Question: Visualizing Cancer Heterogeneity Results From Ngs Data
1
gravatar for newDNASeqer
3.0 years ago by
newDNASeqer520
United States
newDNASeqer520 wrote:

I am working on cancer heterogeneity NGS data derived from patients (primary) solid tumors, and generations of mice that carry the cancer patient's primary tumors. I did exome-seq analysis and have identified SNPs/Indels on many genes in the cohort.

The passage from primary patient's sample to the third generation (F3) of mice shows that the tumor accumulates more mutations, but the mutational patterns are also heterogeneous among the same generation of mice. I am wondering about an effective way for presenting the heterogeneity results. Some methods I was thinking about include:

  1. Get the ratio of the variant allele frequency (VAF, each mutation identified) in each mice vs the primary tumor (patient), then calculate the correction coefficient between the mice and the primary sample; plot the VAF vs sample lineages (?)

  2. Sum up the number of SNPS/Indels in each sample, and divide the number by the total number of mutations. This will give a mutation rate in each sample, then plot this numbers against each sample name. I would expect this to show a linear accumulation.

I am not sure these two presentations will make any sense, so I am looking for suggestions for presenting the heterogeneity results. If you know some methods or have seen some good way of presentation, please reply. I appreciate it.

ngs visualization cancer • 1.5k views
ADD COMMENTlink modified 3.0 years ago by Chris Miller17k • written 3.0 years ago by newDNASeqer520

hi, can you please clarify some sentences of your question:

"The passage from primary patient's sample to the third generation (F3) of mice shows that the tumor accumulates more mutations" -> more mutations compared to what? to the original tumor, or to the number of mutations you would expect in a third generation?

", but the mutational patterns are also heterogeneous among the same generation of mice." -> what does this mean, exactly?

1) typically, the mutational patterns within the same generation of mice are heterogeneous

2) The mice obtained from the same patient accumulate different spectra of mutations

3) different replicas of the same experiment show different patterns

4) something else

Moreover, it would be easier to suggest you a good visualization if you can clarify better what the null hypothesis of your analysis is.

ADD REPLYlink modified 3.0 years ago • written 3.0 years ago by Giovanni M Dall'Olio25k

Sorry for being not clear on that. To clarify:

The cancer patient's primary solid tumor (called F0) was chopped into multiple pieces, and each piece is transplanted to a mouse (called F1). Let the tumor grow in the mice, and when the tumor grows to a certain size, we sacrifice the tumor and get the tumor. The tumor is then chopped, and each piece is transplanted to the next generation of mice (called F2). Repeat this process until we get the third generation of mice (called F3) that carry the solid tumor.

With the tumor samples derived from patient, and the three generations of mice, we performed exome-seq. The bioinformatics part involves detecting the SNPs/Indels, and copy number changes.
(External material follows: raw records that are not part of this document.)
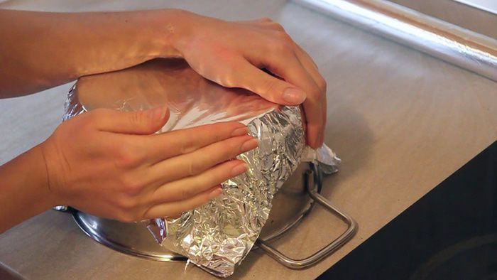 Для приготовления формы нам понадобится кастрюля либо другая емкость, которую мы можем использовать как основу под форму. И, конечно же – фольга.
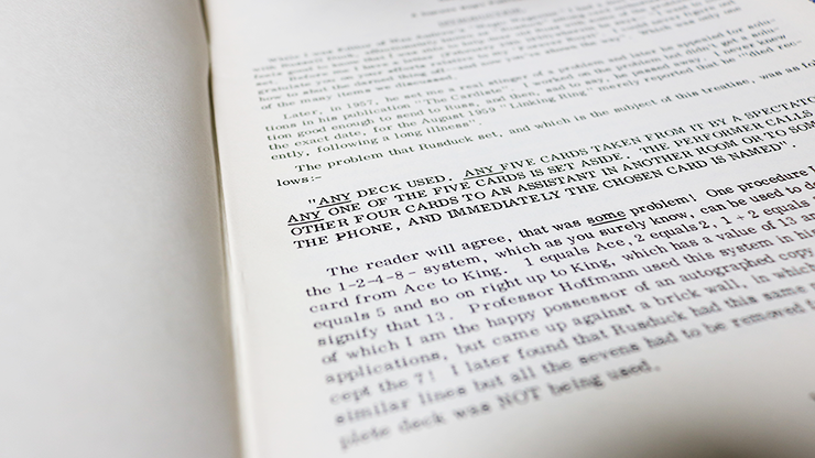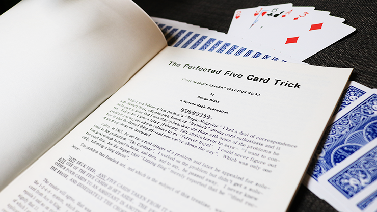 George Blake's Perfected Five Card Trick is a KILLER! Blake teaches multiple variations of the Resduk Enigma. The effect is simple and deceiving. The spectator takes a deck of his own cards and chooses five (no force). The cards are revealed, and the spectator is asked to think of one card of the five and set it aside. The magician picks up his phone and calls a friend. The friend tells the spectator exactly what card he is thinking of!
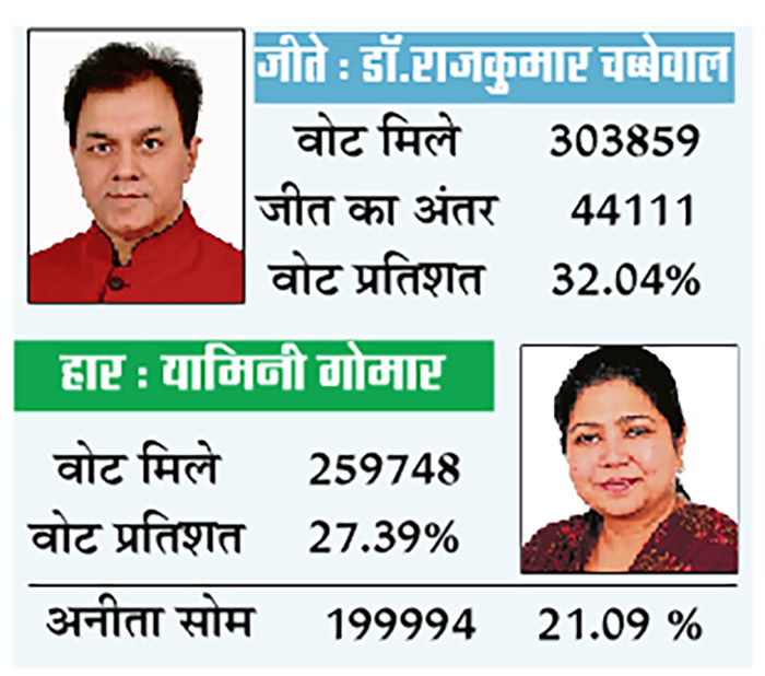 आम आदमी पार्टी के डॉ. राजकुमार चब्बेवाल ने होशियारपुर सीट पर अपनी निकटतम प्रतिद्वंदी कांग्रेस प्रत्याशी यामिनी गोमार को 44411 मतों से पराजित किया। डॉ. राज कुमार को 3,03859 वोट मिले जबकि यामिनी गोमर 2,59748 वोट हासिल कर पाईं।

The genetic variants results indicate that some genetic mutations (e.g. BRAF V600E) are found only in a subset of the mice of the same generation, while other mice may have different mutations or WT on the same gene (e.g. BRAF Wild-type)

My question is how to present the genetic heterogeneity results effectively.

Thank you

ADD REPLYlink written 3.0 years ago by newDNASeqer520

This is an interesting question and not a straightforward one. I still think plotting the vafs of individual variants in the tumor against the same from the passages would be helpful. Here are two previous studies on similar topics from our group that may give you some inspiration: http://www.cell.com/cancer-cell/fulltext/S1535-6108(14)00054-3 and http://www.cell.com/cell-reports/fulltext/S2211-1247(13)00463-4

ADD REPLYlink written 3.0 years ago by Chris Miller17k
1
gravatar for Chris Miller
3.0 years ago by
Chris Miller17k
Washington University in St. Louis, MO
Chris Miller17k wrote:

I'm not entirely clear on what question you're trying to answer, but the SciClone R package may be of interest to you, (specifically the 2d or 3d plots).

ADD COMMENTlink written 3.0 years ago by Chris Miller17k

Thanks Chris. You are the author of SciClone? great work! Good luck to your submission on PLOS Computation.

One quick question for you on calculating VAF (Variant Allele Frequency): how did you calculate the VAF in your plotting (shown on github)?

Thanks

ADD REPLYlink modified 3.0 years ago • written 3.0 years ago by newDNASeqer520

One straightforward way is to take the variants output by your pipeline and run them through bam-readcount. The VAF is the number of variant supporting reads divided by the total number of reads.